# New from Baselworld: Bulova CURV



## ManOnTime

99% of the new watches at Basel are far out of my price range, and these new Bulova's are as well, but I still can't help but be thrilled by the fact that Bulova (with Citizen's help, admittedly) continues to innovate.

It's interesting to see how far they can push the Precisionist/UHF/262kHz movement, and it is seriously thin.



















Bulova CURV Watch Features World's First Curved Chronograph Movement | aBlogtoWatch


----------



## tmathes

I kind of like that and in particular that it doesn't seem, at first blush, overly thick and bulky. I also found this from Hodinkee:

https://www.hodinkee.com/articles/the-bulova-curv-chronographs

I like the blue one (I'm a sucker for blue-dialed watches), I'm assuming it's the same curved design but it doesn't say in the article.


----------



## ManOnTime

tmathes said:


> I'm assuming it's the same curved design but it doesn't say in the article.


It is.

Bulova is supposed to have at least twelve models at launch in different metal and color configurations. The most expensive with MSRP at $899 in titanium with *curved* sapphire glass front and back. 😲


----------



## tmathes

matlobi said:


> It is.
> 
> Bulova is supposed to have at least twelve models at launch in different metal and color configurations. The most expensive with MSRP at $899 in titanium with *curved* sapphire glass front and back. 


The deal breaker for me (with what I saw) is that integrated strap. No. Way. Ever. Again. Nevereverever again.
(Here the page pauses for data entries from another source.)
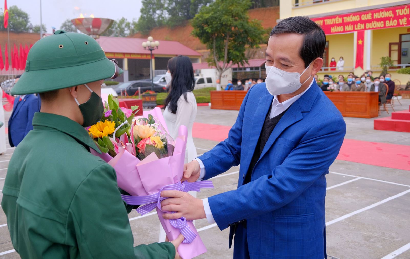 Đồng chí Phạm Thái Hanh tặng hoa, động viên tân binh lên đường nhập ngũ.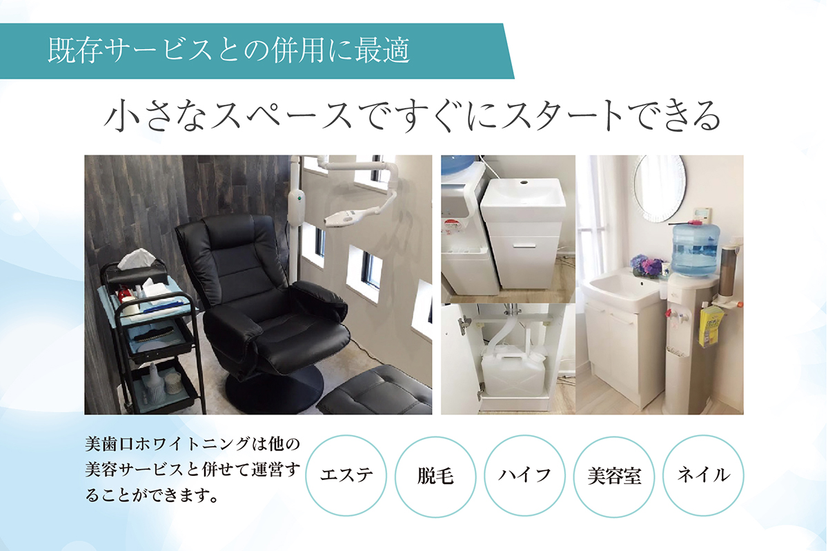 美歯口ホワイトニングは、店舗やオフィスなどの空きスペースを活用して導入できるセルフホワイトニングサービスです。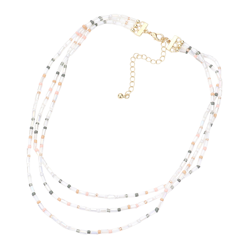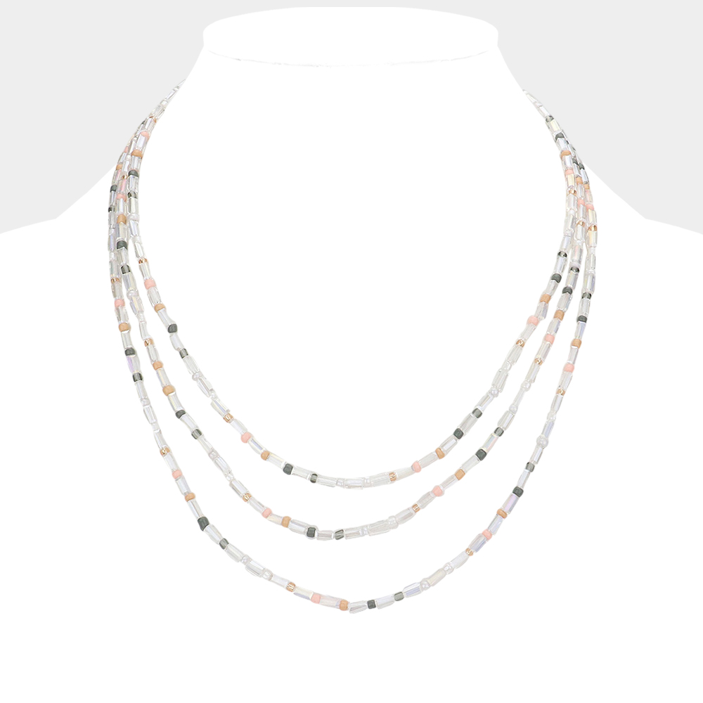 Rectangle Lucite Colorful Seed Beaded Triple Layered Bib Necklace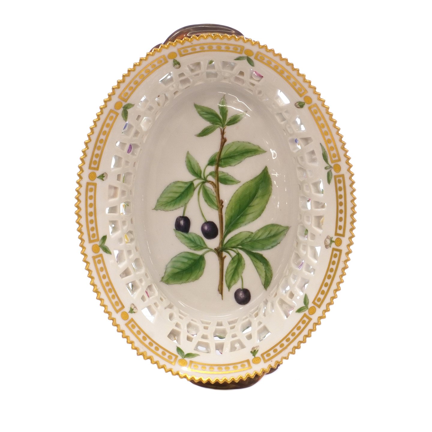 Flora Danica frugtkurv. Royal Copenhagen Flora Danica frugtkurv #3526. "Cerasus avrum L.". H: 8,5cm. L: 26cm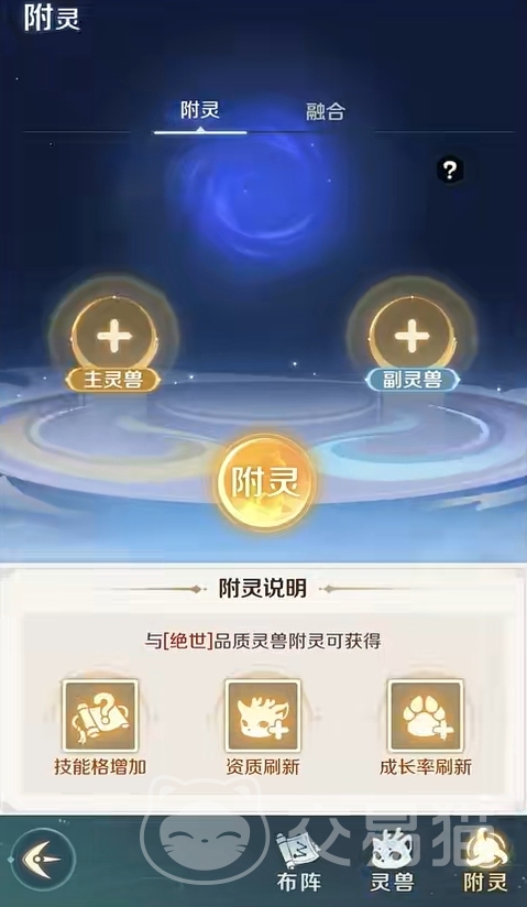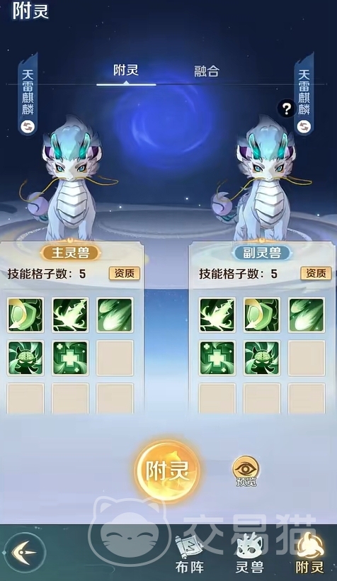 同时,主副灵兽在附灵前的技能数量越多,那么附灵后主灵兽可能会出现多技能的概率也越高,并且在主灵兽的技能大于等于8个时,附灵所需的副灵兽技能数量也要满足大于等于8个,且会在附灵时消耗额外的附灵露,该道具可在商店购买。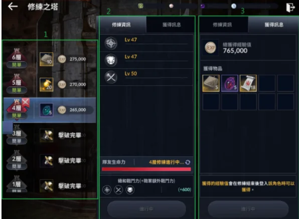 结束修练后,角色选择画面上可以确认透过修练之塔所获得的经验值,该角色登入游戏时便可获得经验值。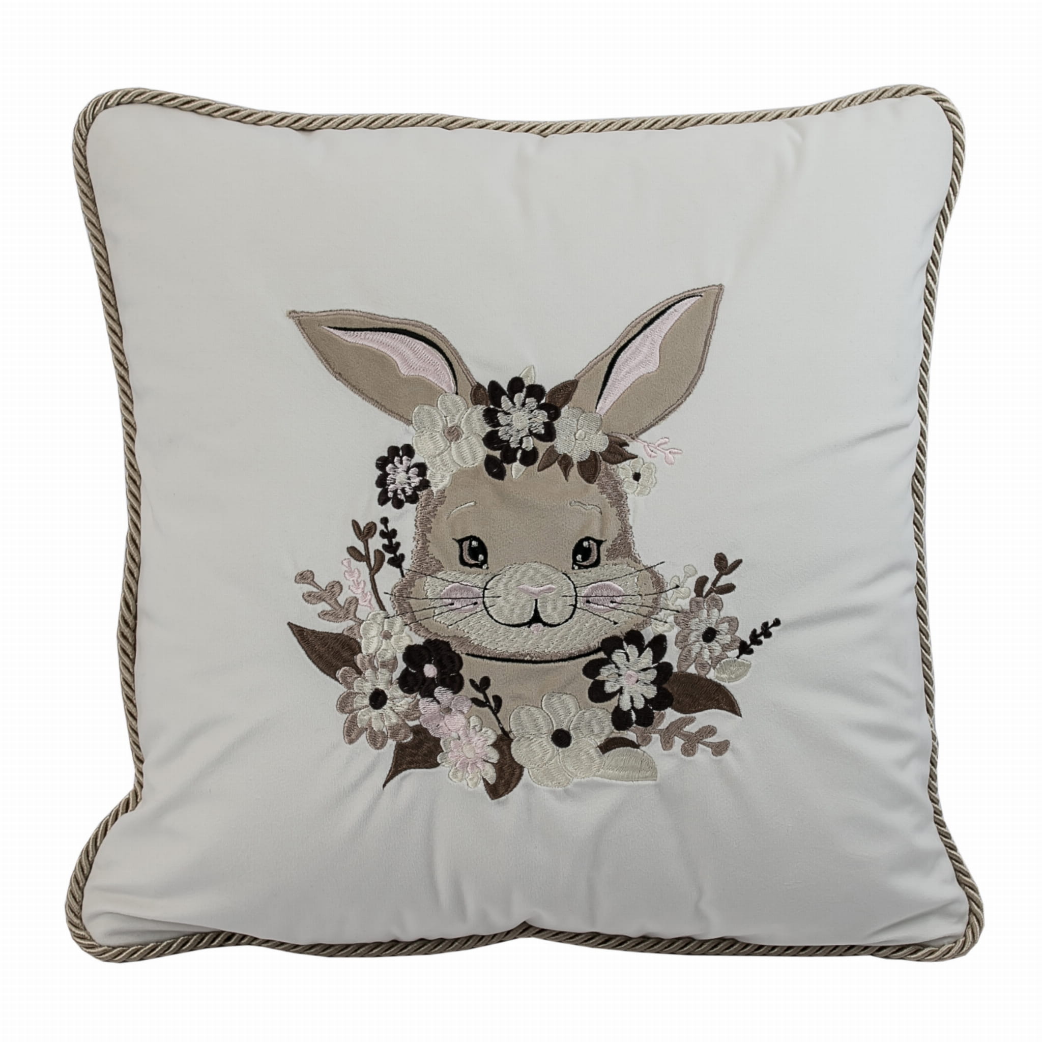 Poduszka haftowana "Zajączek Bloom" – elegancki akcent do Twojego wnętrza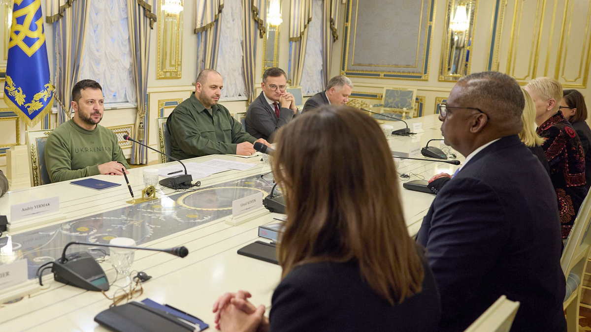 Wie bei allen ausländischen Politikern war die Reise des Pentagonchefs aus Sicherheitsgründen nicht vorher öffentlich gemacht worden. Mit Austin kam der Oberbefehlshaber der US-Truppen in Europa, General Christopher Cavoli, nach Kiew, wie US-Botschafterin Bridget Brink mitteilte. Videoaufnahmen zufolge nahmen an dem Treffen mit Selenskyj von ukrainischer Seite auch Außenminister Dmytro Kuleba und Verteidigungsminister Rustem Umjerow teil.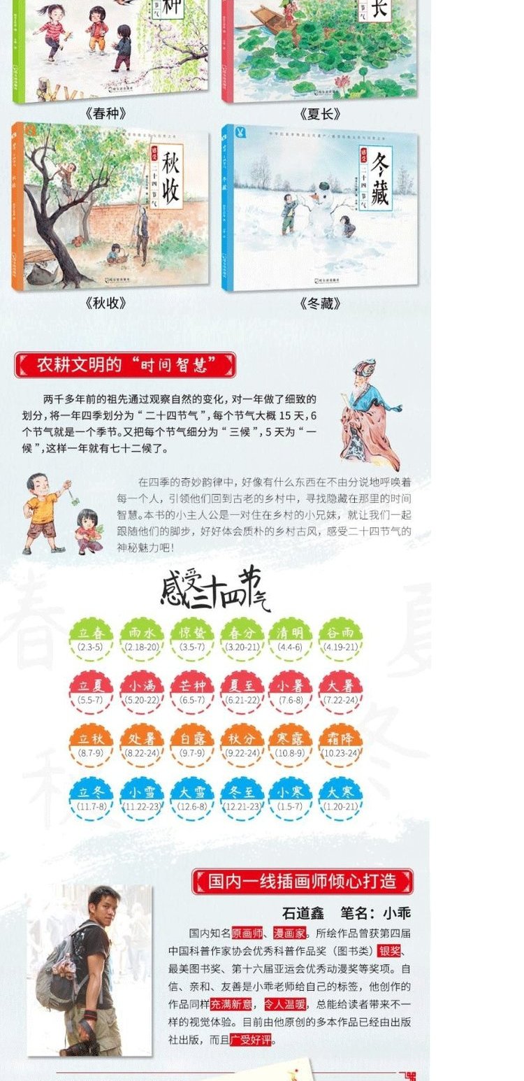感受二十四节气全4册 6-8-10岁儿童读物绘本童书 中国传统故事小学生一二三年级课外书百科全书大自然主题儿童绘本 科普图画TLSTLS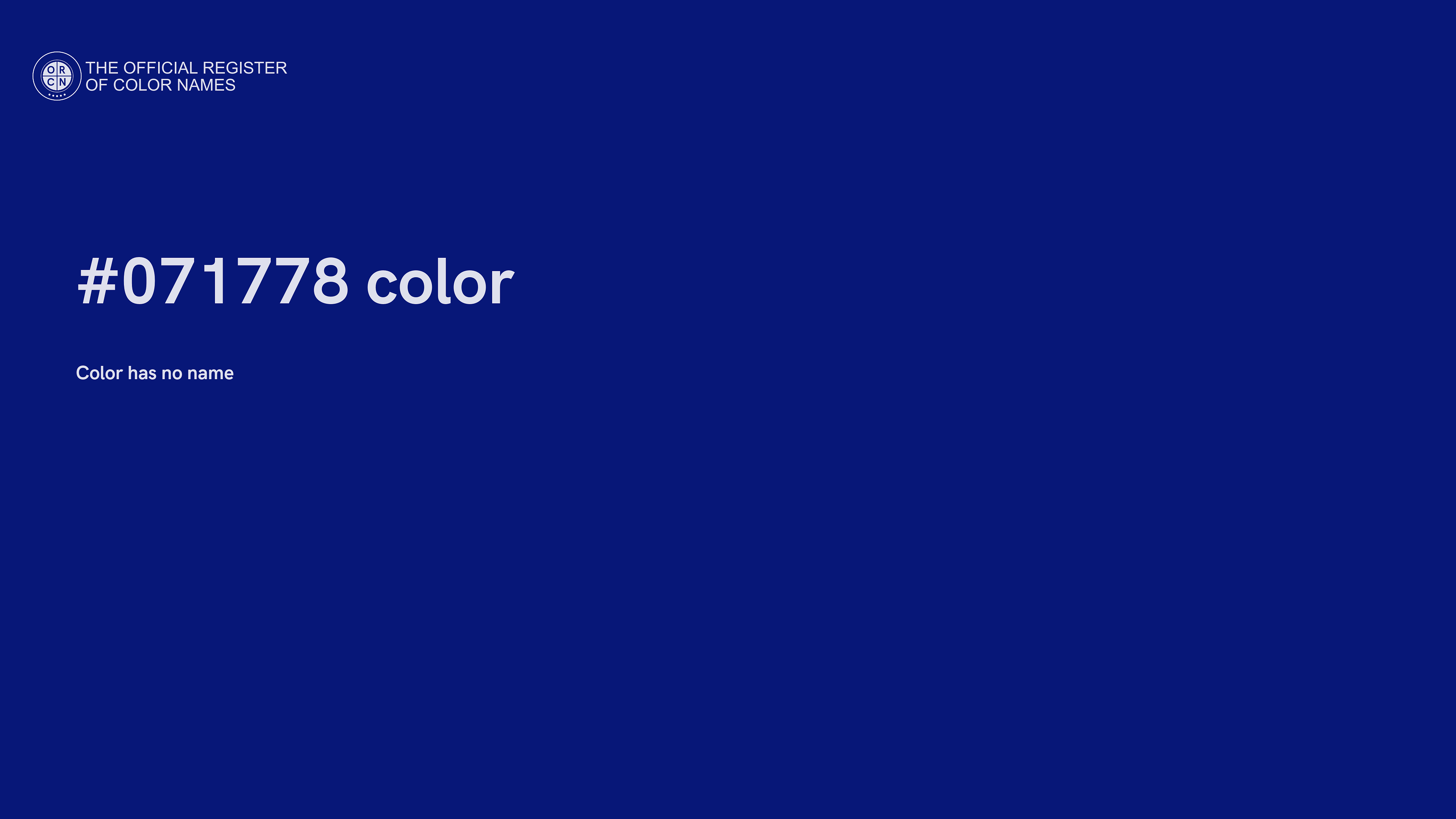 The digital color HEX #071778 belongs to the Blue Color Family featuring Full Saturation (Saturation Family) and Neutral (Brightness Family).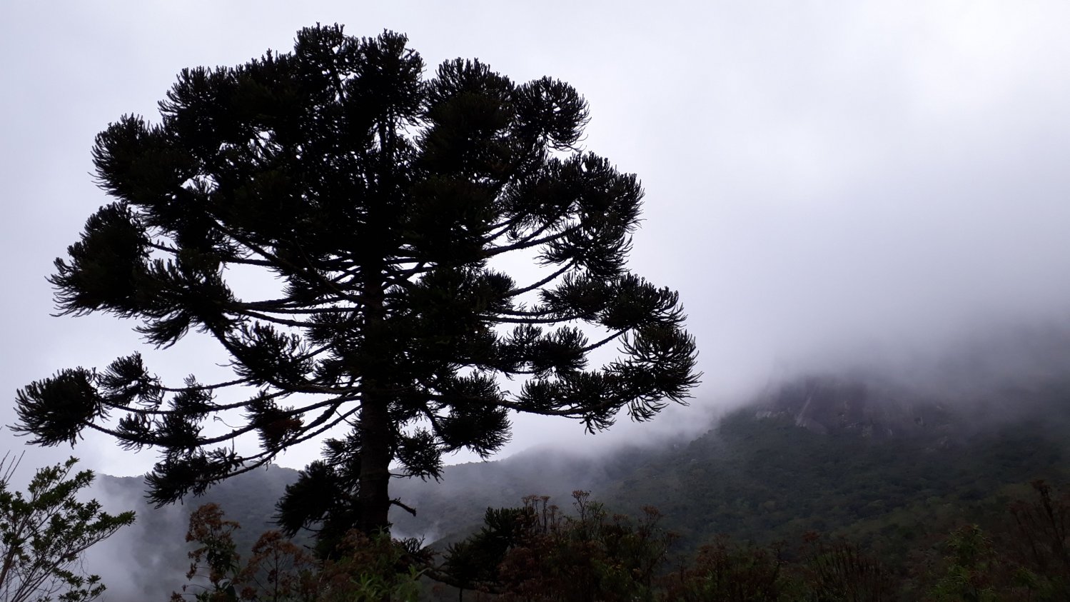 Logo na saída do refúgio algumas situações inusitadas aconteceram. O cachorro do Zezin começou a me seguir, abanando o rabo e parecia que eu teria uma companhia para fazer a trilha. De repente ele solta um choro e volta rapidamente pro refúgio com o rabo entre as pernas. Daí a pouco minha lanterna capta um par de olhos na beira da cerca e quando eu jogo a luz pude perceber a imagem de um felino se abaixando. Não era muito grande mas foi bem assustador. Mais alguns metros e mais um par de olhos acompanhando meu progresso de cima de uma árvore. Tudo bem, era só uma coruja. Mais adiante vejo três pares de olhos na estrada e como eu já imaginava encontrar pelo caminho, eram três bovinos no meio da estrada por onde eu teria que passar. Ficaram parados, olhando atentos. Eu tinha que traçar um plano rapidamente para me livrar deles e tive a ideia de subir no lado mais alto da estrada, atravessar a cerca e ir margeando-a até ter passado por eles. O problema era que havia uns charcos no pasto, mas não tinha outra opção. Só que pra minha surpresa os bovinos começaram a descer a estrada correndo assustados. Aí não tive dúvida, pulei a cerca de volta pra estrada e fui tocando eles, batendo no bastão e gritando até chegar numa bifurcação onde eles seguiram a estrada oposta à que eu deveria seguir. Passado o susto, pude me concentrar na caminhada que já começava a ganhar altitude em direção ao Parque Estadual dos Três Picos. Cheguei na pedra do Sofá, primeiro local de descanso às 3:30 e ali já pude perceber que não chegaria a tempo de ver o sol nascer. Pelo menos não do cume. Mas, por um outro lado, seria bom fazer o último trecho no claro. Assim que a temperatura do corpo começou a cair, me preparei novamente e retomei a caminhada. Cheguei ao Vale dos Deuses e resolvi comer uma banana, já que dali seria uma tocada, de 1:30 até o cume. E as 5 horas da manhã, consegui chegar até um mirante onde dali já seria possível contemplar o nascer do sol. Só que estava completamente fechado o tempo. Meu campo de visão não alcançava além do que 10 metros. Já começava a clarear e percebi que meu senso de orientação estava perdido. Se eu subia de costas pros três picos o cume deveria ficar à minha esquerda mas o GPS apontava pra direita. Fiquei sem entender muito mas segui o aparelho que realmente estava certo. Pelo visto o acesso a parte rochosa da montanha se dá pela sua face leste. Em algum momento a trilha na mata cruza de um lado pro outro. O trecho final foi dentro de muita cerração, e fiquei bastante apreensivo mas continuei, uma vez que tinha um GPS, pilhas, e na pior das hipóteses poderia acionar o SOS do meu SPOT.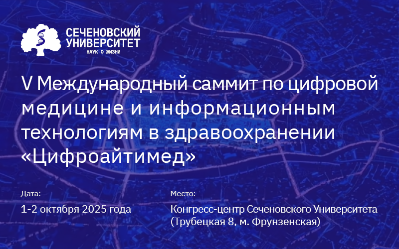 1–2 октября 2025 года состоится V Международный саммит по цифровой медицине и информационным технологиям в здравоохранении «Цифроайтимед»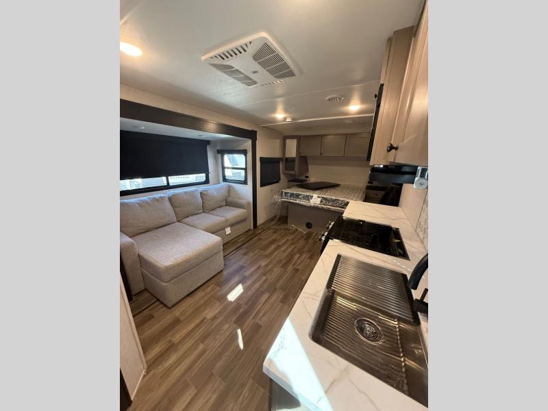 With any Starcraft Super Lite travel trailer, the solid and lightweight construction includes a fully walkable roof with a PVC roofing membrane that easily reflects solar heat and UV rays and TuffShell vacuum bonded laminated construction, reinforced with heavy-duty fiberglass and welded aluminum frames. There is also a molded front cap with LED lighting to protect against elements, a power tongue jack for easy towing, plus a power awning with LED lighting. The interior is spacious with an 81" living room ceiling height, hardwood cabinet doors, and flush floor slides with residential vinyl flooring and pressed membrane countertops for easy cleanup. Don't wait for your next adventure, take a Super Lite with you today!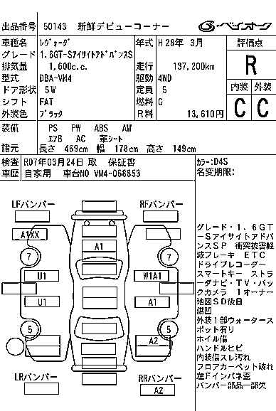 SUBARU LEVORG - лот 50143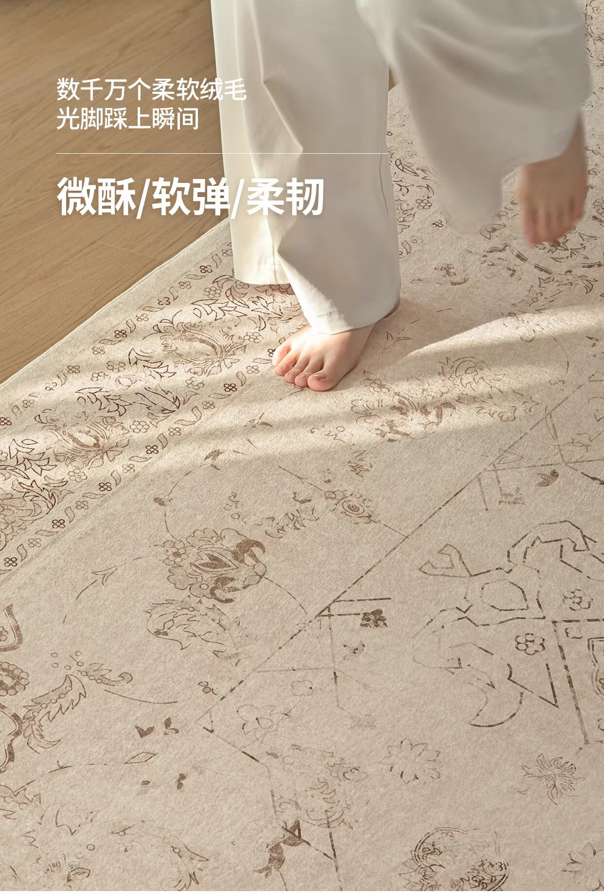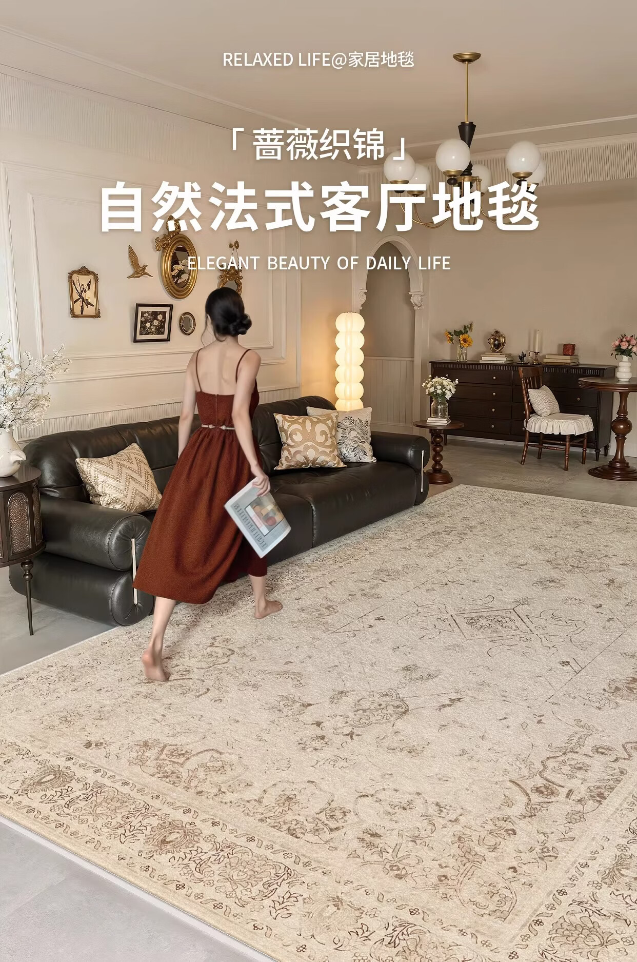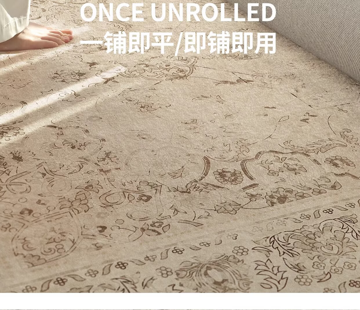 Y U-LIVE地毯客厅复古中古波斯风2026新款免洗可擦防水防污沙发地垫免打理 S仿羊绒-蔷薇织锦 140×200CM【精致双线包边】

I had a Skagen years ago that that same style integrated strap (wife gave it to me, oh, 15 years ago). When the strap needed replacement, Skagen, just freshly bought by Fossil, said they would not sell me one, it needed to be sent in. Long story short, they ruined the watch. They did make good with a voucher for a new one though. The replacement had a standard strap, I refused to consider anything with an integrated anything.

I'll take a look when they come out in April of next year. If we're lucky. 

And hopefully they're not 45-50mm only Bulova is well known for producing (still bummed that the moon watch is too darned big for me).


----------



## ManOnTime

tmathes said:


> The deal breaker for me (with what I saw) is that integrated strap. No. Way. Ever. Again. Nevereverever again.


I hear you on the integrated strap, but as this picture shows, it doesn't look to terrible to replace. All that's needed is a jeweler's screw driver and someone to make a strap, of course! 










These two really catch my eye, and thankfully they have standard bracelets.


----------



## tmathes

It's not the ease/difficulty of the replacing the strap. It's finding the *(&)(^ strap. And the likely ridiculous cost of it.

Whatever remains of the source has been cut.